For instance, with trips under 8km, Go-Viet will support the driver with VND25,000 (US$1.07) to ensure the minimum fare per ride reaches VND30,000 (US$1.29).

The programs have helped the newcomer lure many passengers and drivers despite being newly launched. According to the recent information shared by Go-Jek Chairman Andre Soelistyo, Go-Viet has currently held 10 percent of the ride hailing market in Ho Chi Minh City.

Under the overheated competition from the newcomer, Grab has recently also forced to roll out counter-measures to gain market shares, announcing to increasingly offer new promotions for both customers and drivers using its services.

To compete with Go-Viet’s price strategy of VND5,000 for all trips under 8km, Grab has immediately offered similar deal for GrabBike when charging only VND2,000 for all trips under 8km and giving free pick-up for all trips under 5km in the central districts of Ho Chi Minh City.

In addition, Grab has also announced the policy of ‘Get back 5 percent of revenue per week’ applying to GrabBike, GrabBike Premium and GrabExpress partners in Ho Chi Minh City. With all qualified Grab’s drivers, they will only have to pay 15 percent of commission for Grab, prior to this deal, 20 percent interest was deducted from driver’s revenue.

After Uber left in May this year, Grab’s rates have increased, especially during peak hours, holidays or during bad weather, according to many passengers.

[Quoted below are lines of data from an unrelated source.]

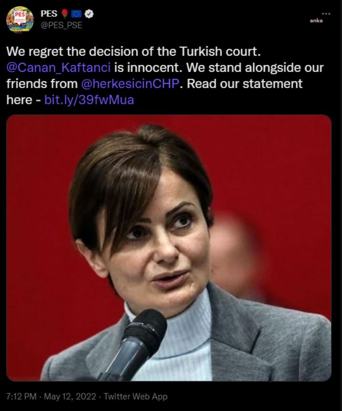 Avrupalı Sosyalistler Partisi (PES), Yargıtay`ın CHP İstanbul İl Başkanı Canan Kaftancıoğlu hakkındaki onama kararına ilişkin, “PES, hiçbir suç işlemeyen Kaftan...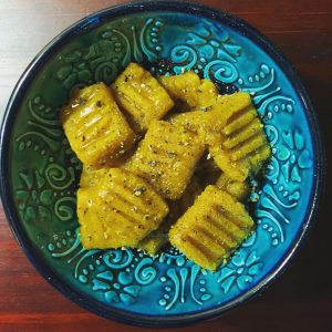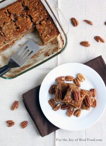 A couple of tips before you get started: Arrowroot powder is much cheaper if you can find it in 20oz bags instead of the little jars they sell in the spice department. You can purchase online here, or ask for it at your local grocery. Next, you can make the cake with fresh roasted pumpkin or the canned variety, just make sure that the cans are BPA-free and have no other ingredients (like thickeners or spices). To cook the pumpkin, slice in half, remove the seeds, and cook for 60-90 minutes at 400 degrees. I find that a 2 1/2 pound pie pumpkin yields about 3 cups of puree. Lastly, the secret ingredient here, instead of coconut is lard. I recommend rendering your own, from a pastured source of leaf lard – here is a tutorial if you have never done it before. I have made this cake using both coconut oil and lard, and it tastes good both ways – but my family and I both prefer the lard version.
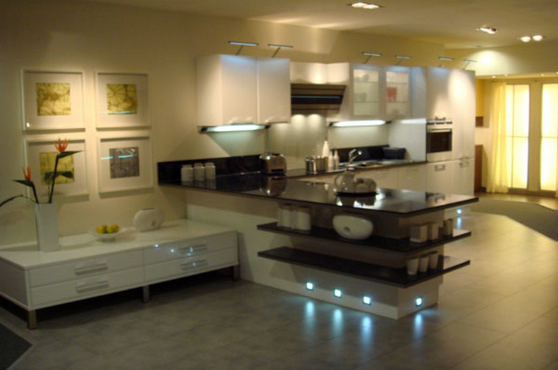 Kitchen Rhodos 314 from the German manufacturer Bauformat. Material wood, tinted glass. The style is modern. This the model - combined details - brown walnut and gloss white colors. Also concerned with speed location niches for utensils under the sink.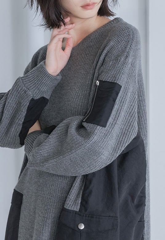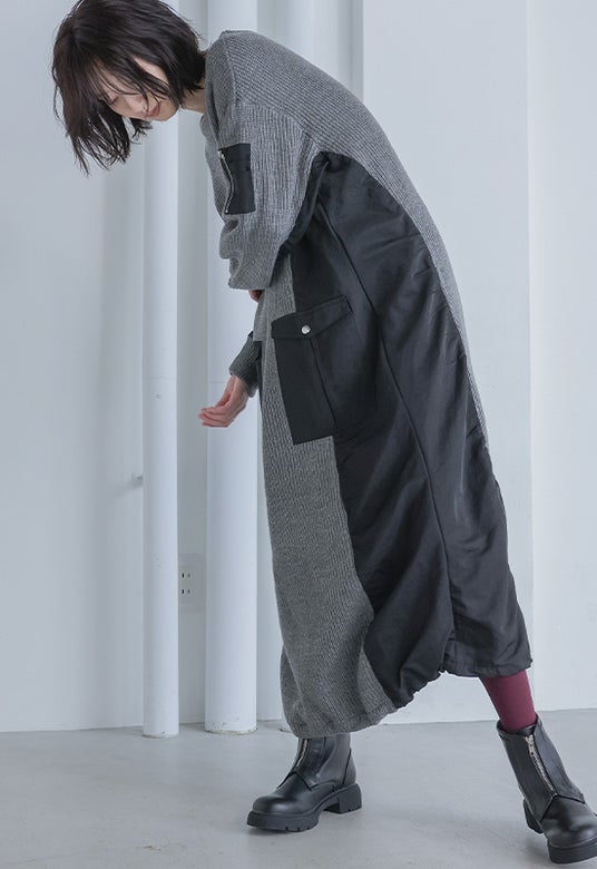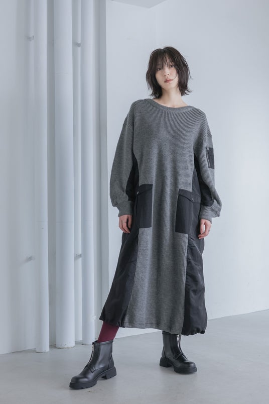 ニット生地とナイロン生地を、配色でドッキングしたワンピース。
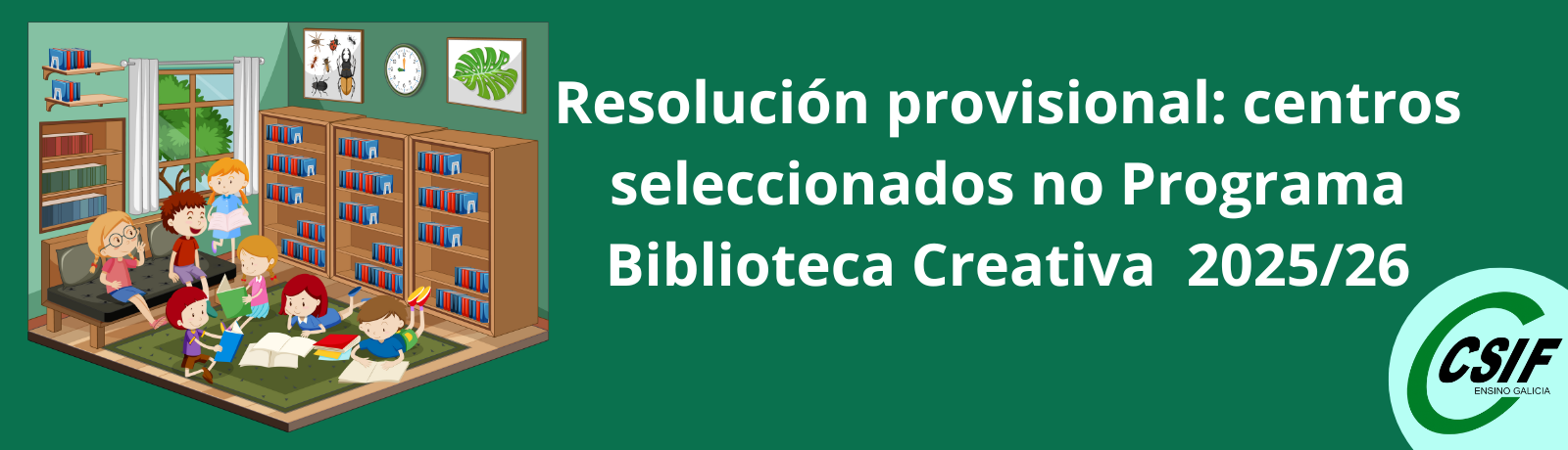 Resolución provisional de centros seleccionados na convocatoria do programa de Biblioteca Creativa para o curso 2025/26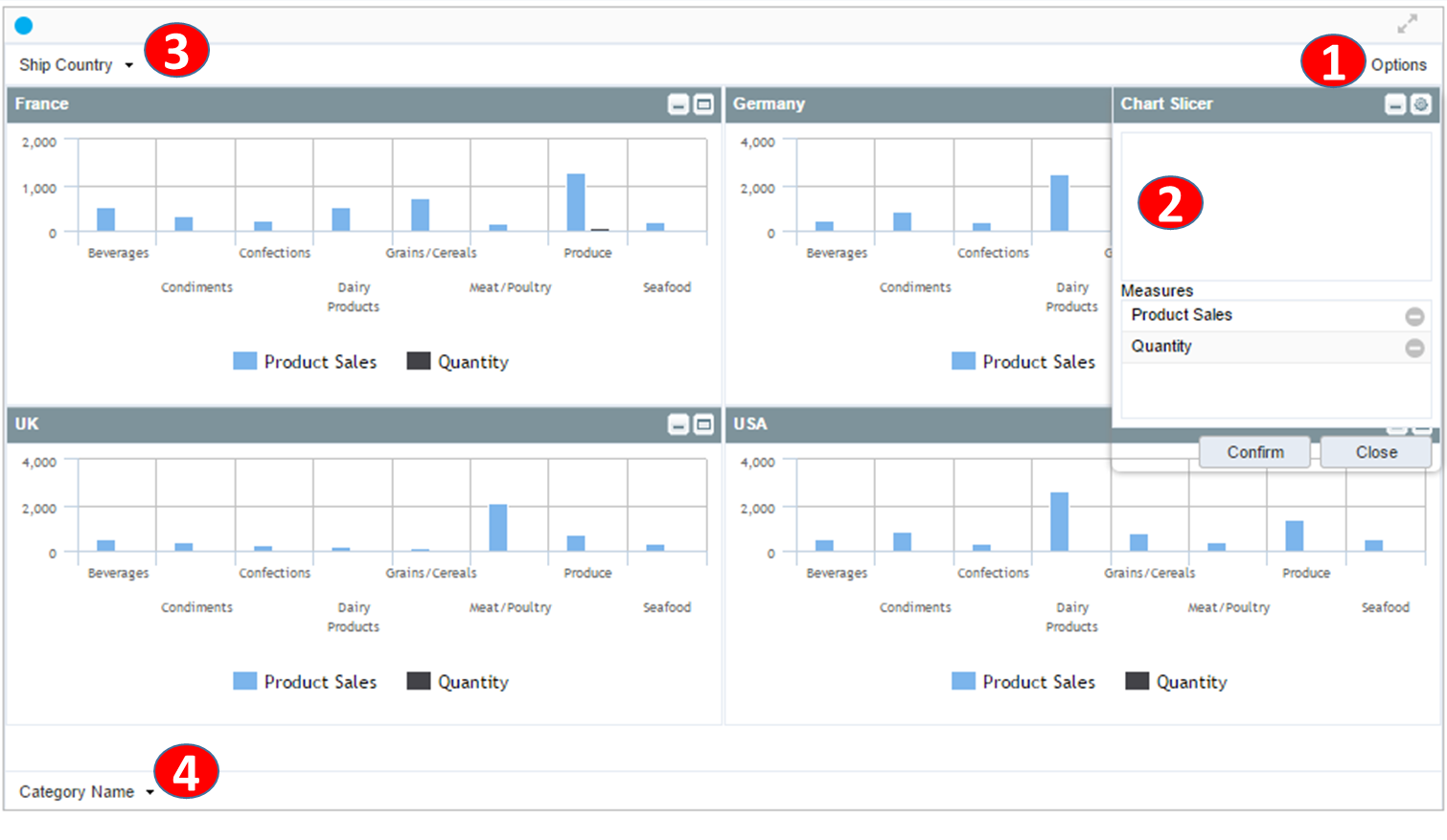 슬라이싱 디멘젼 영역: 챠트를 나눌 기준 디멘젼을 드래그 드랍한다. 예로 국가 디멘젼을 추가하는 경우 챠트는 각 세부값 USA, Canada, Mexico으로 구분된 복수개의 챠트 위젯이 추가된다. |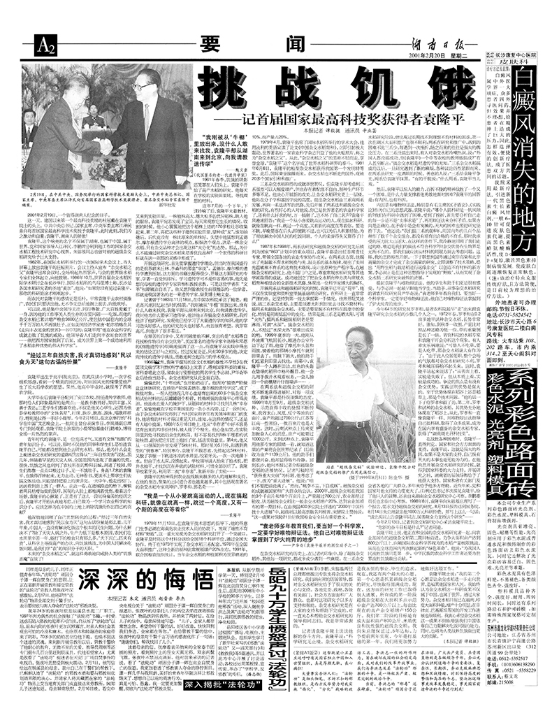 袁隆平,这个响亮的名字不仅属于湖南,也属于中国,属于世界。党和国家领导人江泽民、李鹏曾分别到他工作的国家杂交水稻工程技术研究中心视察,朱镕基同志也曾对他的超级杂交稻研究给予巨大支持。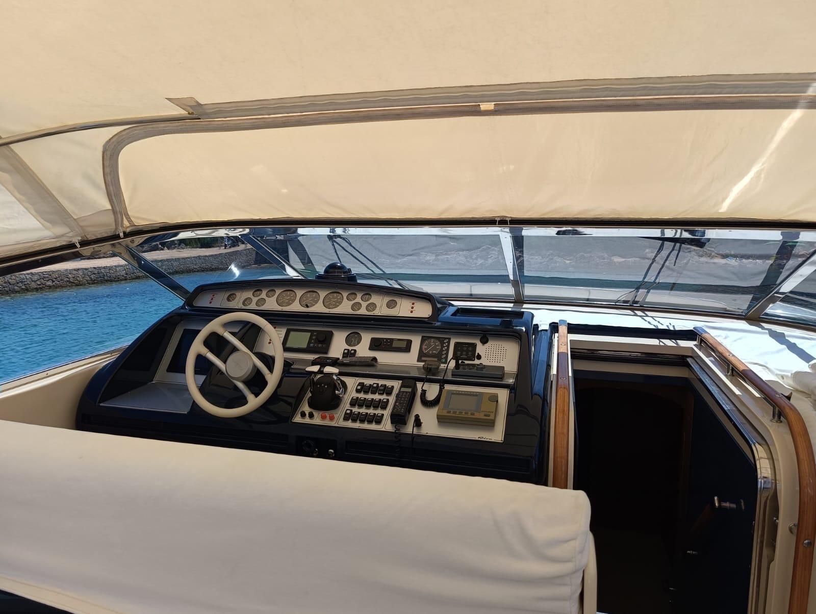 révision de la trappe de la cabine propriétaire - révision du système d’eaux noires - pare-brise en silicone - révision des toilettes de la cabine équipage - révision de la passerelle Besenzoni.

Grab drivers have also complained about high commission rates, nearly 20 percent for veteran drivers, and more than 28 percent for new drivers.

Now, though it is unclear what will be Go-Viet’s strategy in Vietnam in the coming time, the appearance of a competent rival for Grab brings high hopes for a healthy competitive market, which benefits both customers and drivers.

Nguyen Xuan Thuy of the Division of Transport under the Ministry of Transport, said that what Vietnamese passengers need is good service at a reasonable price.

The more competitive the market is, the more customers will benefit, Thuy said.

Economist Bui Quang Tin said local ride-hailing apps should take advantage of Uber’s exit to expand their market share and offer more choices for local commuters, adding that those who provide the best service will be the winners.